Above it all loomed a big gate through the northern wall of the arena itself. The only openings that Arram could see were ventilation for the audience and were one hundred feet up or more. It was yet another reminder to the gladiators that there was no chance to escape. Only the gate to the arena remained to them, two leaves of locked metal a little over the height of the tallest giraffe.
The place was fairly quiet. This gate was one of iron bars. Four soldiers stood guard on the ground there, as well as on the wall over it. The man in charge greeted Ramasu cheerfully and led him inside the guardhouse to sign forms. Arram accepted the reins from the master and looked around, sweating. He could hear the thwacks of wood on wood and men’s shouts from inside. He also glimpsed two women in leather shirts and very short breeches fighting with spears.

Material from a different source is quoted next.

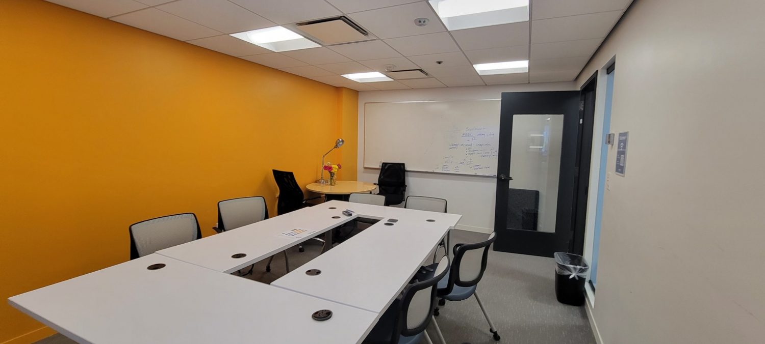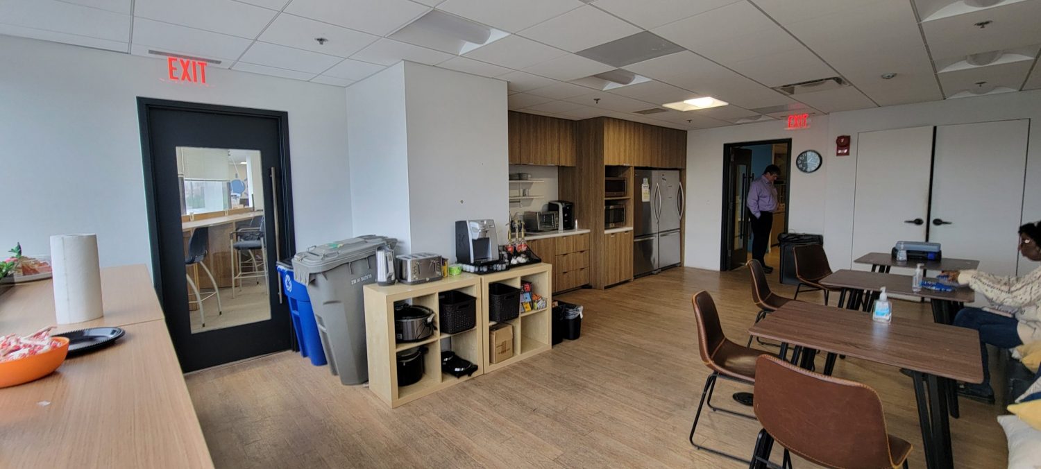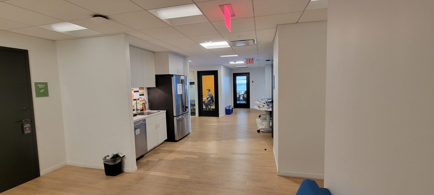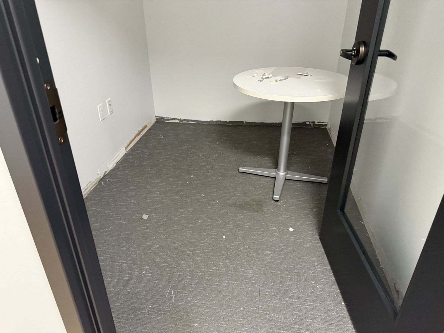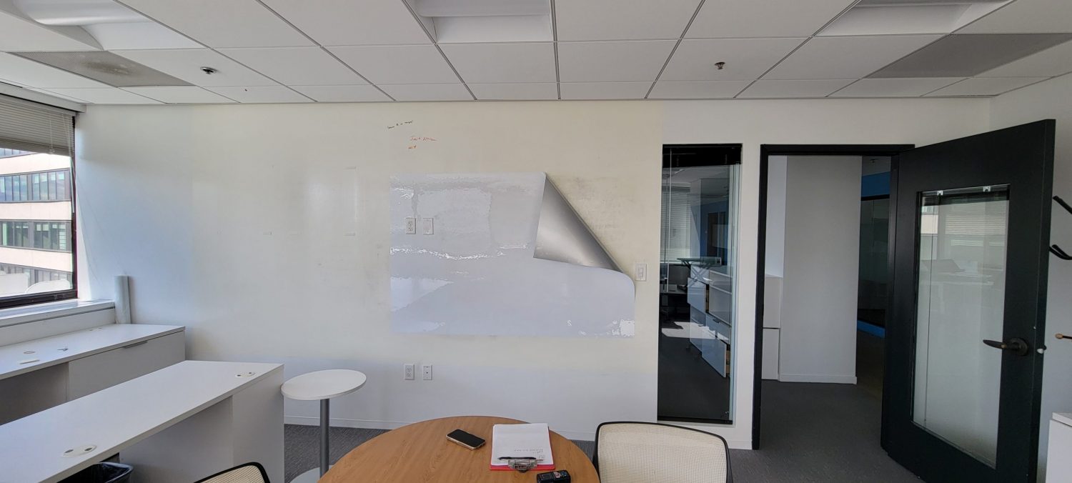 At the start of the project, the space required a complete interior repaint and significant reconfiguration. Existing baseboards were removed to accommodate new flooring, while corkboards, whiteboards, and whiteboard-painted wall surfaces needed to be carefully removed. In several areas, the removal of corkboard installations required full drywall sheet replacement, along with additional drywall repairs throughout the floor.

“I dunno, Blaedroy, he’s awful scrawny for the ring.” A soldier walked over to lean against Ramasu’s side of the seat. “Might make a decent meal for one of the cheetahs, though. Put her and the cubs in with him, there’s a good bit of fun.”
Arram tried to ignore the man, but Preet was having none of this. She roused from her nap on Arram’s shoulder, fluffing out all of her feathers, and told the soldier what she thought of his idea of “fun.”
“Hag’s dice, what manner of bird is that, anyway?” the other guard shouted over her noise. He was white, blond, and blue-eyed, plainly a descendant of Scanrans. “Tell it to quiet down or we’ll feed it to the lions!”
“Preet, stop,” Arram said, trying to wrap a hand around her. She batted at him with her wings, telling him in Preet that a good peck or two would teach these buffoons manners.